# iPhoto Export



## Kleles (Jul 21, 2009)

After recent updating (OS X and iPhoto) I have encountered a problem with Export in the File menu of iPhoto. Whenever I select Export, iPhoto crashes and a Problem Report is generated. All other functions seem to be OK. Can anyone offer suggestions about a fix?
MBP mid-2009
OS 10.8.2
iPhoto ’11 9.4

Thanks.


----------



## broad (Jun 2, 2009)

grab the iphoto update again from the apple website as opposed to software update


----------



## Kleles (Jul 21, 2009)

I looked at the Apple site but could not find where I would be able to download iPhoto again.


----------



## Kleles (Jul 21, 2009)

Problem solved: I got an iPhoto update notice when I visited the app store. 'Export' works as it should now.


----------



## crawford (Oct 8, 2005)

I was having the same problem and assumed it was the Flickr plug-in that was incompatible with ML.

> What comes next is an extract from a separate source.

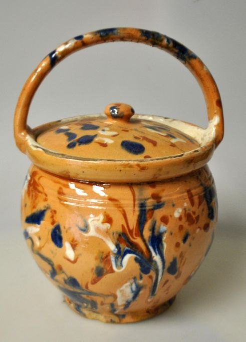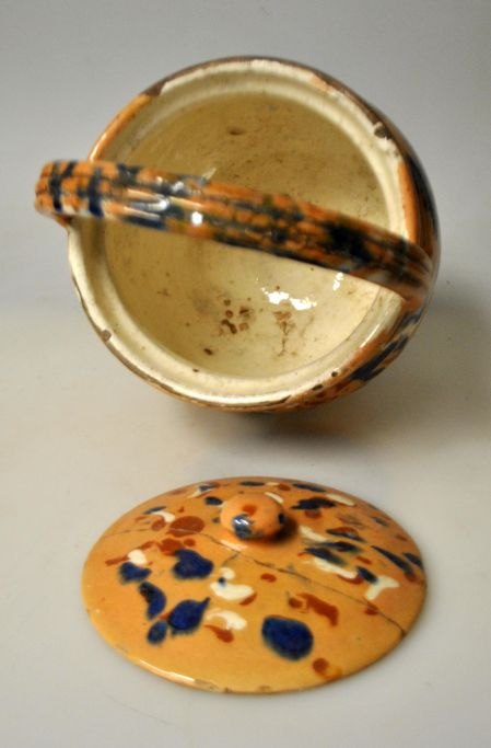 Kleiner dänischer eimer, 19. Jahrhundert. Roter Ton mit Glasur in Blau, Weiß und Rot. Mit Henkel und Deckel. H: 21 cm.

I just noticed that I'm on version 9.3.2, which did not come from the app store. Should I install version 9.4? If I do that from the app store, will it over-write my current version?


----------



## Kleles (Jul 21, 2009)

crawford said:


> I was having the same problem and assumed it was the Flickr plug-in that was incompatible with ML.
> 
> I just noticed that I'm on version 9.3.2, which did not come from the app store. Should I install version 9.4? If I do that from the app store, will it over-write my current version?

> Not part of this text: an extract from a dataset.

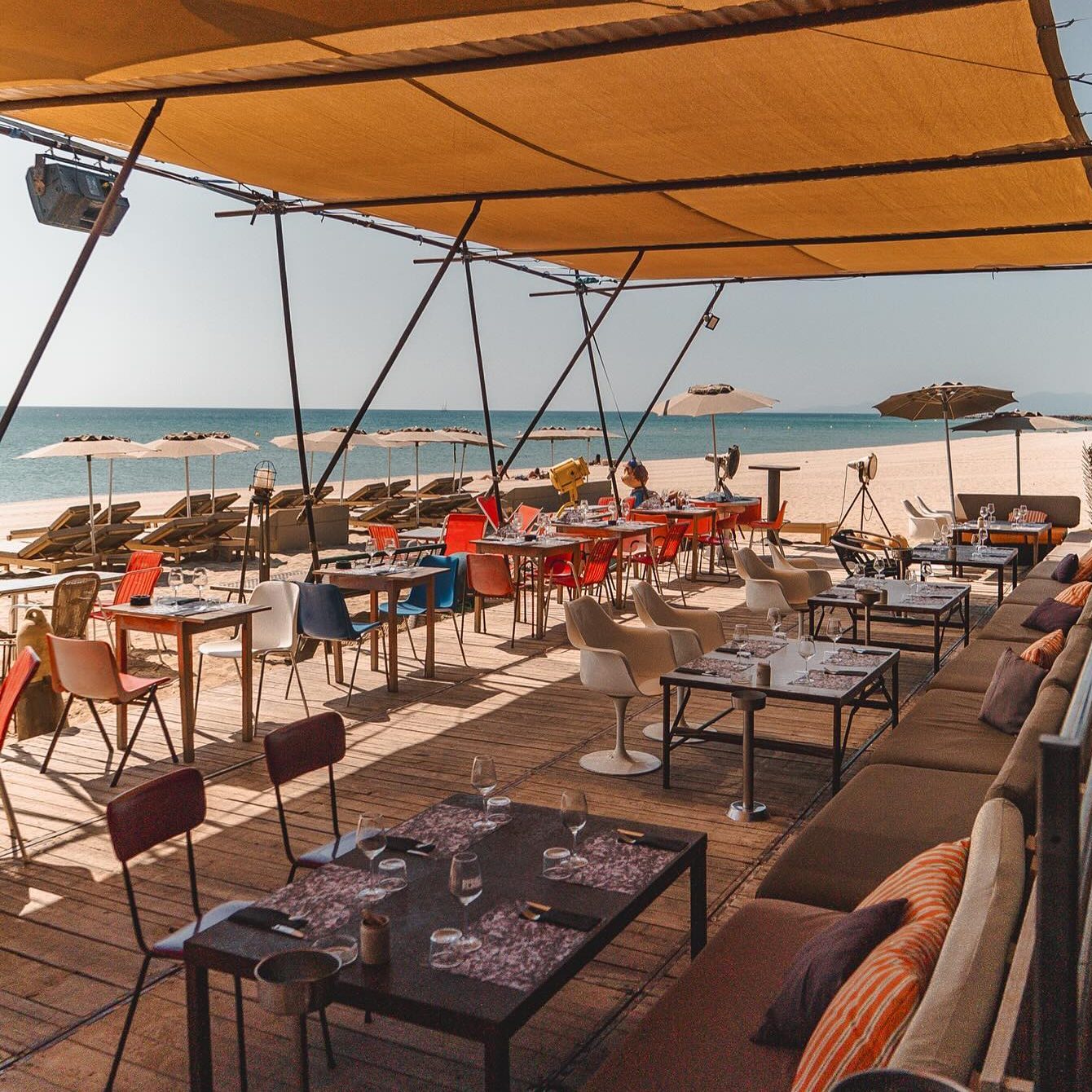 Eine grosse Markise und ein alter Baum bieten auch bei starker Sonne angenehmen Schatten. Der Blick über das Wasser auf die Berggipfel der Pyrenäen ist einzigartig. Der markante Canigou (2785m) hat oft bis in den Sommer hinein verschneite Hänge. Strand, von der Terrasse 30m von der Haustür 15m zum Mittelmehr 900m.

I'm now using iPhoto 9.4.1. I was using 9.3.x when I got an update notice. I updated to 9.4 and that's when Export caused iPhoto to crash. Yesterday I got another update notice, which specifically mentioned corrected the Export crashes. iPhoto 9.4.1 works well.

I'm surprised that you did not get update notices. Have you gone to the app store, or selected software update from the Apple menu.

When the update is downloaded, it installs itself, overwriting the previous version.


----------